Favorite Food:  not a picky eater, eats almost all foods well as long as it is soft and easily digestible. He likes hot dogs, hamburgers, French fries, burritos, rice and beans, cut up apples, oranges, blueberries, grapes. We try to limit his intake of sweets (candy, cakes, sugary drinks) due to seizure risk.

Favorite toy: Scout, the talking dog. Toys that light up and make music.

Favorite DVD/tv shows: Baby Einstein videos, Preschool Prep learning DVDs, My Talking Toddler videos, Any children’s program with bright lights and lots of music. In pre-K, his favorite time was circle time when everyone sang songs. 

Special equipments:

Lucas does not wear leg braces; he sometimes wears knee pads just in case in falls on his knees but is not a necessity.  He wears glasses.  He wears a helmet which helps him to keep his glasses on. Otherwise, he likes to fling his glasses off. He likes to take his shoes off, too. Usually, he wears high tops. On very hot days, we try not to keep the helmet on too long. 

Goals:

1.We would like Lucas to gain as much independence as possible.  In preK, the teacher felt he did not need a 1:1 but one may be helpful for safety. 

2.We would like him to improve more in his hand – eye coordination like placing tokens in piggy banks, puzzles, using utensils to eat.

3.He is incontinent of urine and stool.  Potty training is a big goal we have in place. 

Dosage calculations of CBD, DHA and MCT for Optimal Anticonvulsant Properties.

Found an interesting article about the benefits of caprylic acid found in MCT oil I am supplementing L. I want to do some calculations to see if I am giving the right dose for optimal anticonvulsant effect found in this study.

Optimal anticonvulsant range was found to be 10-30 mmol/kg which showed reduced myoclonic and clonic but not tonic convulsions.  Higher doses seem to not be good. 10-60 mmol/kg actually impaired motor performance and lower doses showed little anticonvulsant effect.  So, I want to make sure I am not over or under doing it with this stuff for L.

If I were to give 10 mmol/kg (trying to stay at a conservative range) for L this is the calculation:

Caprylic acid molar mass = 144.21 g/mol

(144.21g/mol)(10mmol)(mol/1000mmol) = 1.4g in 10 mmol of caprylic acid:

This states that 1.4g is equivalent to 10mmol.

There is 7.6g/15ml of pure MCT oil per the bottle.

Therefore,

7.6g/15ml = (x)/1.4g;

x=0.71ml    This means there is 1.4g of caprylic acid in 0.71ml of the MCT oil.

Now, I need to calculate how many mls I need to give for his weight in kg.

Luki weighs 15.42kg.

0.71ml (x) 15.42 kg = 10.9 ml or approximately 11 ml (or little less than one tablespoon) of MCT must be given daily for optimal anticonvulsant effect.  

I am currently  only giving him approximately 4 ml per day so I can definitely double the dose but right now his seizures are well controlled.   I don't have access to the full article so I don't know how long the study lasted and the duration the caprylic acid was given.

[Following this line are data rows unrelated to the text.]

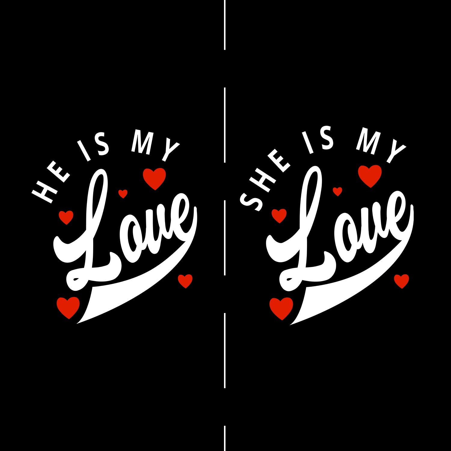 Product Description:Perfect for you and your special one, our He Is My Love , She is My Love Couple T Shirts are a must-have for every loving couple. These couple t-shirts are just excellent to go out on a date with your cute partner.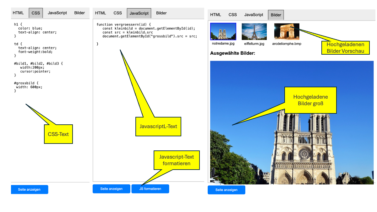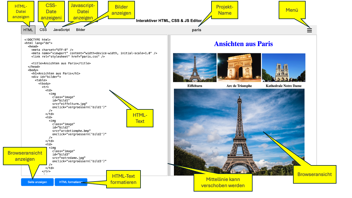 Der interaktive HTML, CSS und Javascript-Editor ist eine browserbasierte Anwendung mit der interaktiv HTML-Seiten entwickelt und als Vorschau angezeigt werden können. Um bilder in die Website einzubinden müssen diese zuvor hochgeladen werden. Die auf separaten Seiten eingegebenen CSS- und Javascript-Anweisungen werden bei der Vorschau berücksichtigt. Alle eingegebenen Programmtexte können auf den lokalen Rechner heruntergeladen werden.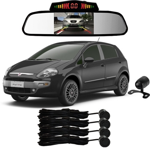 Sensor De Ré + Espelho Camera Ré Fiat Punto Preto

____________________________________________________________________________-
 how much DHA I am actually giving L .

Molar mass of DHA: 328.488 g/mol

I administered 1.6g of DHA per day.

(mol/328.488g)(1.6g)= 0.00487mol(x)1000 = 4.87mmol total administered per day.

4.87mmol/15.42kg = 0.32mmol/kg

Wow, didn't realize I am giving him so little yet it makes such a huge and drastic difference!

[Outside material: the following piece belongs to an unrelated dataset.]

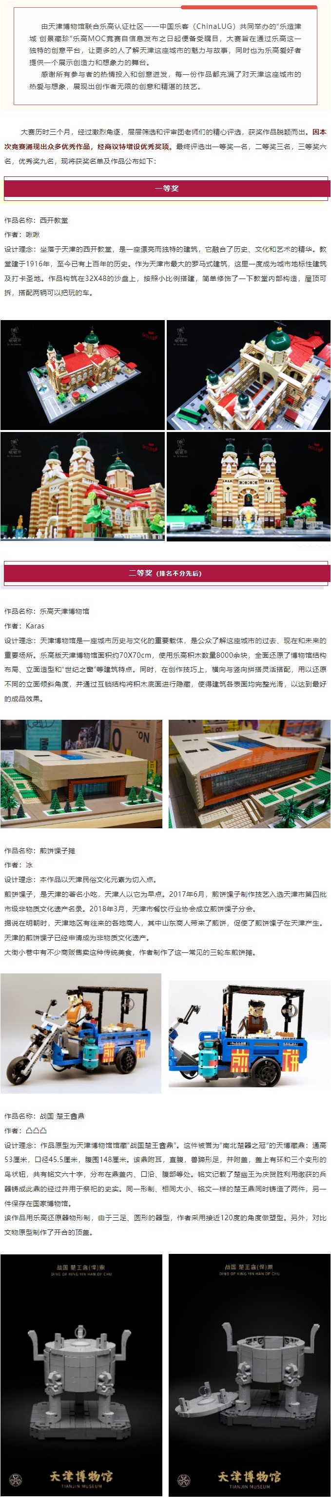 “乐造津城 创景藏珍”乐高MOC竞赛评选结果公布

_____________________________________________________________________

 how much I am giving L of CBD:

CBD molecular weight is 314.4617g/mol

I am currently giving him 16 mg divided into two doses as recommended by the pediatric dosage guidelines from theroc.org. Click here for details.

(mol/314.4617g)(16mg)(1g/1000mg)=0.00000508mol or 0.05mmol/15.42kg=3.3x10(3) mmol/kg

That is very little compared to the caprylic acid! Hmm.maybe I can administer a little more of this stuff..

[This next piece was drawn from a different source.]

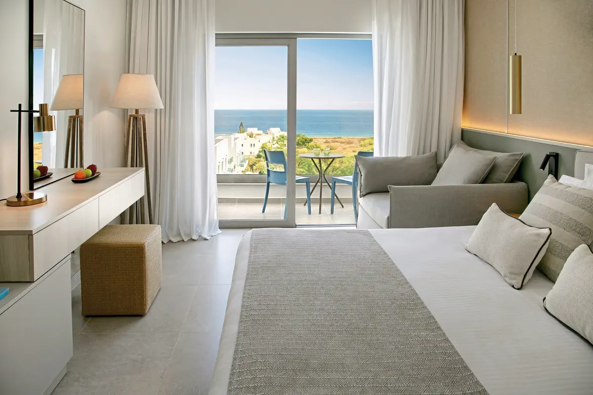 21-25 m², podwójny, superior, widok na ląd, łóżko podwójne (king size), 1 łóżko rozkładane, kabina prysznicowa bez brodzika, WC, szlafrok kąpielowy, kapcie kapielowe, suszarka do włosów, mini lodówka, sejf, TV, czajnik, ekspres do kawy, kawa/herbata, balkon (umeblowany), menu poduszkowe, w dniu przyjazdu w pokoju owoce, wodaDoppelzimmer Superior Meerblick (DSM) - Atlantica Aqua Blue

__________________________________________________________________________
how much resverotrol I should be giving for the kind of seizure control found in this study:

The bottle of reseverotrol I purchased states there is 130mg/5ml.

I usually give about 3ml twice a day for a total of 6 ml per day..

 (130mg/5ml)(6ml) = 156mg per day is what I am giving now.  

The paper states 40mg/kg was administered for seizure control.

So, according to the paper, I should be administering (40mg/kg)(15.42kg)=616.8 mg!

(616.8mg)(5ml/130mg)= 24ml per day or 12 ml twice a day is what I should be giving him! That's a lot!

There is only 148ml in the bottle and this stuff is not cheap!  148ml/24ml =6.  A bottle will only last me 6 days!!

****The study involved a one time administration of  resverotrol before seizures were induced.  They don't offer any recommendations for a daily maintenance dose which is too bad.    But, at least it lets me know how much resverotrol I should give should he have a seizure.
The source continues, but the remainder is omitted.